On the point of Twitter's "health and vitality", Williams pointed out that if nobody can create their own API, then everyone has to use Twitter's, which could put a much larger strain on Twitter's API.
In all, Twitter keeps pointing to this "simple set of rules," but why hasn't the company enforced the rules until now? Has TwapperKeeper simply flown under the radar for the past year and a half or has something fundamental changed?
Is It So "Simple"?
Favstar.fm founder Tim Haines explained that API access to Favstar is something that developers have been asking for, but Twitter has turned him down. Enforcement, he says, has been less than uniform.
"I've casually asked Twitter if it would be okay to offer one in the past, and they've said no," said Haines. "It's a rule that's not very well enforced at the moment, as a lot of services, high profile ones included, offer an API that makes Twitter information available outside the terms they've agreed with Twitter."
While Haines plans on continuing to petition Twitter for this sort of functionality, there is another service that we were pointed to by several sources that seems to stand in direct contrast of Twitter's stated point.
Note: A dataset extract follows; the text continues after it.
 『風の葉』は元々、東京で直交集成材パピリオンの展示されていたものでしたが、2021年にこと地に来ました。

Twitoaster, a service that "threads and archives your conversations in real time", offers an API and has publicly done so for some time. The service was created by Arnaud Meunier, who is now a Twitter employee. The key part of the Twitter TOS that must apply here is the "without prior written approval from Twitter," though inquiries on whether Twitoaster had this approval went unanswered by both Meunier and Twitter.
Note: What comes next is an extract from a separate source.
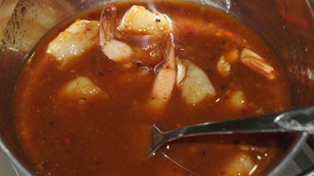 Krewetki obieramy (chyba, ze korzystamy z już obranych), wkładamy do miseczki i zalewamy marynatą na ok. godzinę. Marynata: Kimchi, sos sojowy, ostra papryka, sok z cytryny i przeciśnięty przez praskę czosnek oraz posiekaną natkę. Smażymy na rozgrzanym oleju przez kilka minut. Nie wolno smażyć za długo, bo krewetki staną się twarde. Podajemy same lub z sosem ostro-słodkim.

Whither Twitter As A Platform?
In a guest post here on ReadWriteWeb yesterday, TextCapital founder Jeff Pester argued that Twitter is a utility and needs to "get off the fence and start acting like one."
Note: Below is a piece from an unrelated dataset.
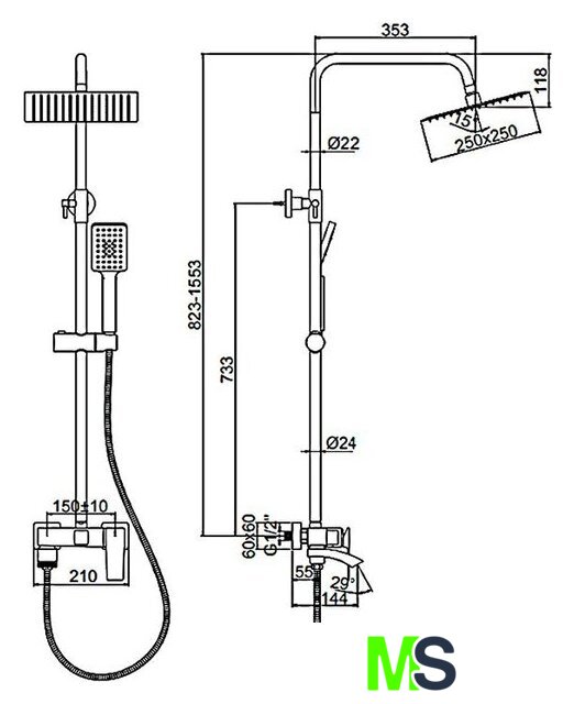 | Диаметр (ширина) верхнего душа | 250 мм |

The blogosphere is preoccupied with the notion that this is proof that Twitter is at war with the developer ecosystem and that it's somehow manipulating the playing field to favor its own homegrown apps.
But that discussion misses the larger point: Companies like UberMedia are attempting to profit directly at the presentation and consumption end of the stream infrastructure that Twitter has bought and paid for. In my opinion, UberMedia has the right to monetize "consumption environments" (its apps) that add value to end users. At the same time, Twitter deserves to be compensated for the utility it's providing to UberMedia.
The only issue here should be: Who gets paid and how much?
The big problem now, of course, is that developers have been working in a certain system for years and some feel that the rug is suddenly being pulled from beneath their feet. At the same time, developers have pointed out that a more stable service with clear definitions on its rules can benefit everyone. Haines explained that, by shutting down services that don't meet the TOS, Twitter can clarify its position to all - a position that has been stated rather simply, but enforced less so.
"It'll be good if Twitter is currently taking some time to clean up rogue services," said Haines ,"and make it clear what they allow and what they don't allow."
The more general and obvious trend in all of this is Twitter's move toward monetization. When Twitter killed the API whitelist, the primary suggestion for services that required more historical Twitter data was to pay Gnip, the only authorized reseller of Twitter data. When UberTwitter and Twidroyd were suspended, Twitter just happened (perhaps it was a terrible, coincidental PR failure) to be promoting its own clients with promoted trends. O'Brien couldn't help but reach a similar conclusion.
"I'm wondering if tomorrow they're going to be saying there's an archive open," said O'Brien. "I'm just speculating."